Speaking to Ahram Online, Economist Ramy El-Galy explained that the Ras El Hekma deal remains the largest, injecting $24 billion, including $10 billion in cash and $11 billion converted from a UAE deposit.

This massive inflow, he said, significantly stabilized the Egyptian pound and improved the country’s credit ratings.

El-Galy added that Alam Al-Roum is a strategic project that supports productive sectors and strengthens linkages between real estate, tourism, transport, and infrastructure. He emphasized “continuing this investment model instead of expanding borrowing”.

Currency stability and improved credit indicators
 

Officially, the three megadeals significantly improved the local currency exchange rate in the second half of 2025. They reduced the current account deficit to $4.4 billion, upgraded Egypt’s sovereign rating from B- to B, and reduced the trade deficit by 18 percent in the first nine months of the year.

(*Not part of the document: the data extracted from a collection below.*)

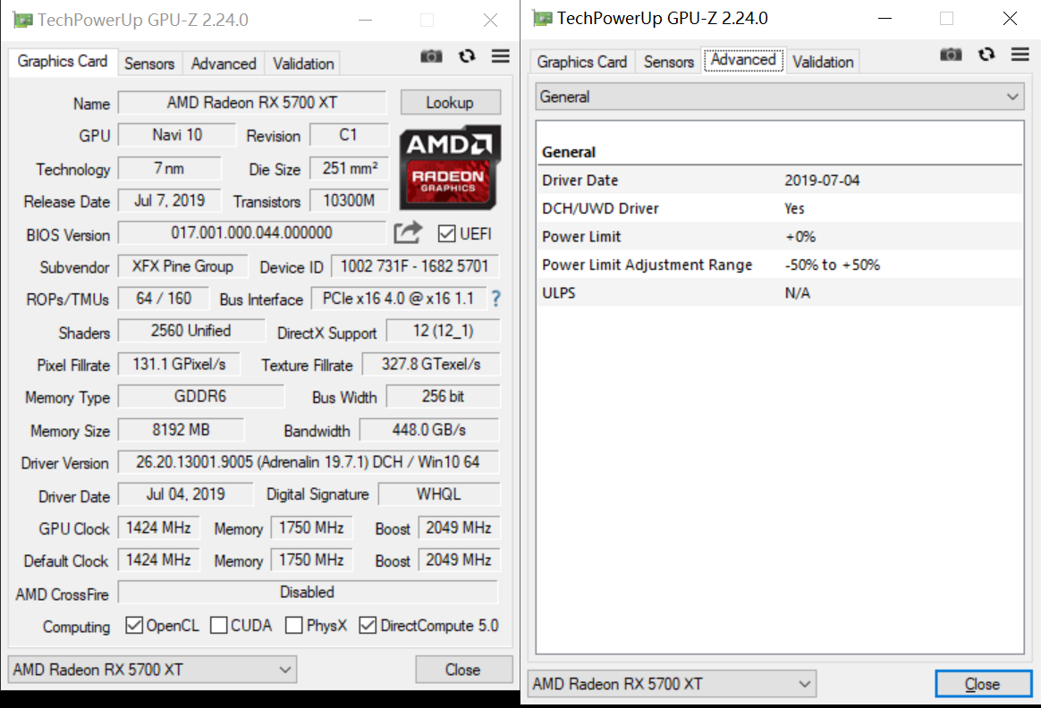 显卡:AMDRX5700XT公版/讯景RX5700XT8GB黑狼版
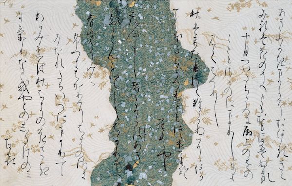 《三十六人家集》的料纸装饰是“装饰”(かざり)与“游戏”(あそび)相结合、高水准的稀世之作。染纸〔日语,即色纸、彩色纸〕的组合形式变幻无限,虚空中漂浮般的折枝、飞蝶、小鸟、红叶等各种饰纹流动不止,加之和歌的散书〔日语,书写和歌时不按行跳跃空开或草体假名和平假名混杂,或淡或浓、或粗或细,书写风格洒脱飘逸〕与之配合勾画出难以言喻的韵律——颜色和形状相得益彰,优雅诙谐的形象尽显其中。一切艺术都趋向音乐的状态,我还未曾见过比这件作品更接近音乐性格的视觉艺术。这是由“物哀”抒情为基础的游戏装饰的世界……
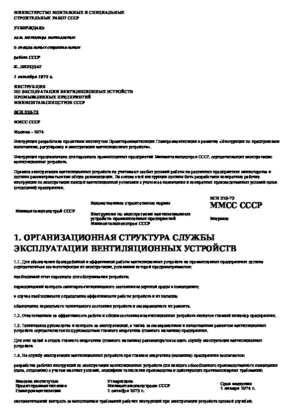 Инструкция по эксплуатации вентиляционных устройств промышленных предприятий Минмонтажспецстроя СССР

Karim Adel, Head of the Adl Centre for Economic and Strategic Studies, told Ahram Online that the deals’ real economic impact has yet to materialize as much of the generated foreign currency is for sovereign obligations or deemed accounting entries.

Adel argued that only when these inflows are directed toward sectors such as food security, feeder industries, and energy technology will real gains come. “Indicators alone do not measure an economy’s viability but its impact on livelihoods and social justice,” Adel noted.

A shift in the financial model of coastal real estate
 

Contrary to earlier models that relied on simple land sales, Adel explained, the Qatar deal offers the state $3.5 billion in cash, $1.8 billion in units the state will own, and 15 percent of net profits after deducting investment costs.

The state also required the phased handover of land free of encumbrances. It also demanded the inclusion of public services and independent infrastructure within the project to enhance its added value.

El-Galy believed Egypt could replicate this model elsewhere, but warns against over-concentration in real estate, which can fuel land price inflation and lead to urban distortions. He called for shifting incentives toward productive sectors such as industry and agriculture.

“Real estate investment is important, but not enough to build a sustainable economy. We need diversification,” El-Galy said.

The need to manage investment returns carefully
 

Adel emphasized that the state needs a clear plan for managing foreign currency proceeds from these projects. He cautioned against simply adding these proceedings to reserves. He noted that “the majority of these funds service external debt and have almost no benefit to citizens.”

He emphasized that these inflows will not cause transformative change without an industrial strategy that links real estate projects to productive plans, technology transfer, and domestic supply chains.

Investment reshaping Egypt’s urban landscape
 

These megadeals are strategic beyond their immediate economic impact. The Qatari project, for example, combines luxury development with sustainable urban planning. It also reflects growing economic alignment between Cairo and Doha. The partnership could serve as a gateway to deeper Arab cooperation in urban development and tourism.

El-Galy emphasized exploiting these inflows for debt reduction, not current spending. The government must use these inflows to generate a cumulative financial impact that eases pressure on the budget, he noted.

He concluded: “The next step must be creating an investment map that directs capital into industry, agriculture, and energy, so that the North Coast becomes a hub of wealth, not merely a luxury destination”.

Cash inflows: where is the real impact?
 

Adel noted that the state used the Ras El Hekma proceeds mainly to meet sovereign obligations. He affirmed that most of the funds were not deployed domestically.

However, Adel believes these deals are “redrawing Egypt’s regional development map” and pushing the state toward adopting a model based on partnerships with domestic and international private capital instead of state-led investment.

He affirmed that this transition requires “supportive legislation, sustainable incentives, and balanced monetary policies that preserve investor confidence.”